ABBADO-LUCERNA 2013
Non ho assistito (non tutto si può fare) al concerto Schubert-Bruckner e mi spiace perché i due programmi di quest’anno erano evidentemente legati sul piano tematico e interpretativo. Ma c’ero la sera del 17 agosto, alla replica del concerto inaugurale, ed è stato memorabile. Mi preme sottolineare un aspetto: la continua rilettura, l’ininterrotto studio di Claudio Abbado su lavori anche già eseguiti. Prendete l’Eroica, e riandate al fantastico ciclo Beethoven di Roma e Vienna, subito dopo la malattia. Abbado fu il “campione” di un Beethoven asciutto, svelto, nervoso, giustamente memore della filologia innestata però su uno “slancio ideale” rispondente alla grande tradizione (ai tempi, citò giustamente Furtwangler da un lato, Harnoncourt da un altro). Da quel momento, ecco innumerevoli esecuzioni iper-nervose, iper-secche, iper-minimal di Beethoven. Ma Abbado non si ferma: rilegge, ristudia, reinterpreta. Già a Lucerna, poco dopo l’esperienza Roma-Vienna, c’era stata una incredibile Nona di Beethoven riletta come una “missa solemnis” laica (neanche tanto laica, anzi, spiritualissima). L’Eroica 2013 di Abbado a Lucerna è stata consimile: di Roma o di Vienna con i Berliner di allora restano l’articolazione delle frasi o certi rilievi “solistici” della concertazione (oboe, clarinetto con i memorabili solisti dell’orchestra di Lucerna, peraltro perfettamente fusi in “orchestra”, non fini a se stessi). Ma questa Eroica firmata da Abbado è tutt’altra cosa, da allora: dilatata nei tempi ma con una sbalorditiva capacità di sostenerli, tecnicamente ed emotivamente. E colma di un “affetto” e di un pathos che raramente si associano all’Eroica. Si sentono nella (incredibile) lettura della Marcia Funebre, ma si ritrovano ovunque: il tema del primo movimento enunciato alla fine dai corni. Il Trio dello scherzo (ancora i corni, mai ascoltato così: la frase viene presa “in dolcezza” e poi espansa in volume, come decollasse, nell’aria, ma con un senso di gioco e di struggimento). E gioco, affetto e struggimento sono il “segno” di tutto il finale.

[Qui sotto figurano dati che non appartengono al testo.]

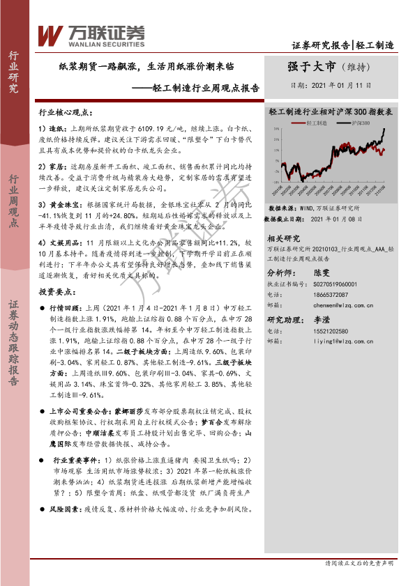 【万联证券】【20210111】20210111-万联证券-轻工制造行业周观点报告:纸浆期货一路飙涨,生活用纸涨价潮来临-13页

Ma tutto il concerto è vissuto nel segno della “rilettura”. Quant’è lontano il Brahms giovanile, quasi “cubista” di Abbado, da questa “rotonda”, meditata, Ouverture iper-Tragica! E, nell’opulenza vocale del mezzosoprano Fujimura (una canna d’organo!), quanto pathos nel Waldtaube-lied di Schoenberg rispetto ad altre, pur favolose letture, già date in passato da Abbado. Ecco, “pathos” e “affetti” sembrano due “temi interpretativi” dell’attuale far musica di Claudio Abbado. Ma, attenzione! Con lui – a 80 anni – il giorno dopo è sempre, musicalmente, un giorno nuovo. Ed è ciò che, massimamente, lo rende uno stupefacente musicista.